- _Records provided_
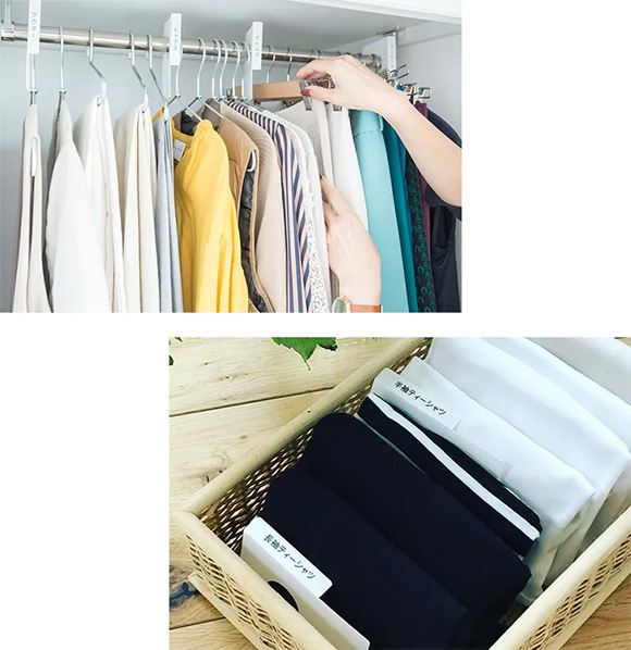 ハンガーパイプや引き出しの衣類をわかりやすく分類できます。
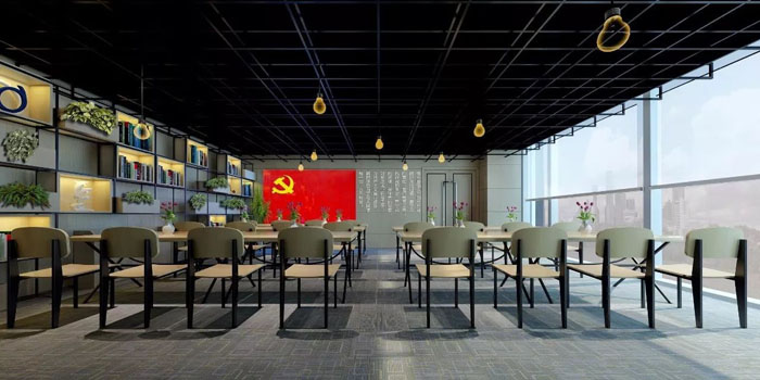 在黨群服務(wù)中心部分,我們充分利用建筑空間層高,增設(shè)二層部分,將黨建工作展示與黨群服務(wù)功能空間既有機融合,又相對獨立,充分考慮了展示參觀與日常使用的便利性。
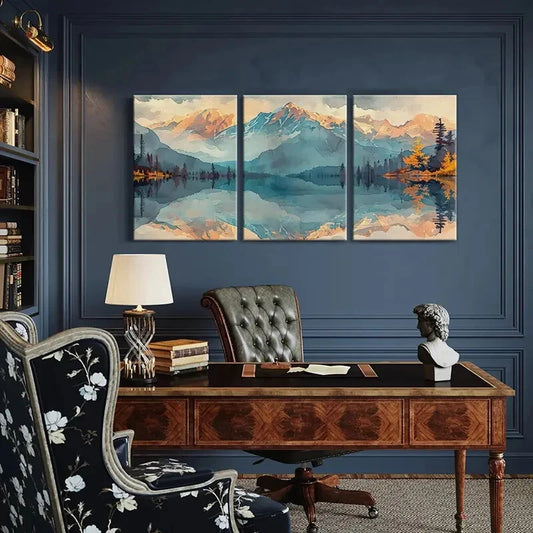 3pcs Watercolor Style Mountains Reflection Lake Metal Print Ready to Hang Art
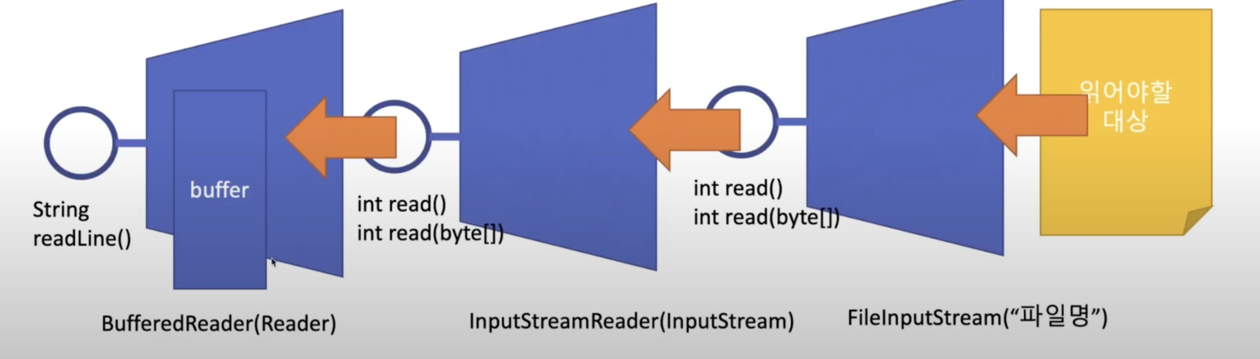 위 그림처럼 InputStreamReader를 호출하면, 생성자에 들어온 InputStream의 read 메서드를 호출한다. 그렇게 파일로부터 2바이트를 읽어서 문자로 변환되어서 2바이트가 나오는 것이다. 그리고 BufferedReader는 내부적으로 buffer를 가지고있다. 이때, readLine을 호출하면 생성자에 들어온 Reader의 read메서드를 호출한다. 그렇게 한줄이 채워질 때까지 read를 호출하고 한줄이 채워지면 문자열을 반환한다.
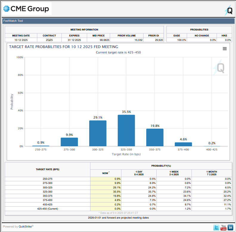 (2025 연말까지 4회의 금리 인하 기대, 차트 출처: CME)
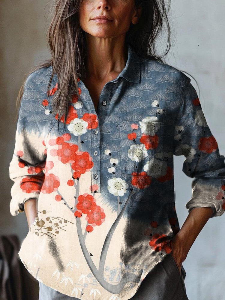 Women's Vintage Floral Art Print Casual Cotton and Linen Shirt

- _Work order_
Retype all records exactly as shown above, images excluded.

- _Written response_
 ハンガーパイプや引き出しの衣類をわかりやすく分類できます。
 在黨群服務(wù)中心部分,我們充分利用建筑空間層高,增設(shè)二層部分,將黨建工作展示與黨群服務(wù)功能空間既有機融合,又相對獨立,充分考慮了展示參觀與日常使用的便利性。
 3pcs Watercolor Style Mountains Reflection Lake Metal Print Ready to Hang Art
 위 그림처럼 InputStreamReader를 호출하면, 생성자에 들어온 InputStream의 read 메서드를 호출한다. 그렇게 파일로부터 2바이트를 읽어서 문자로 변환되어서 2바이트가 나오는 것이다. 그리고 BufferedReader는 내부적으로 buffer를 가지고있다. 이때, readLine을 호출하면 생성자에 들어온 Reader의 read메서드를 호출한다. 그렇게 한줄이 채워질 때까지 read를 호출하고 한줄이 채워지면 문자열을 반환한다.
 (2025 연말까지 4회의 금리 인하 기대, 차트 출처: CME)
 Women's Vintage Floral Art Print Casual Cotton and Linen Shirt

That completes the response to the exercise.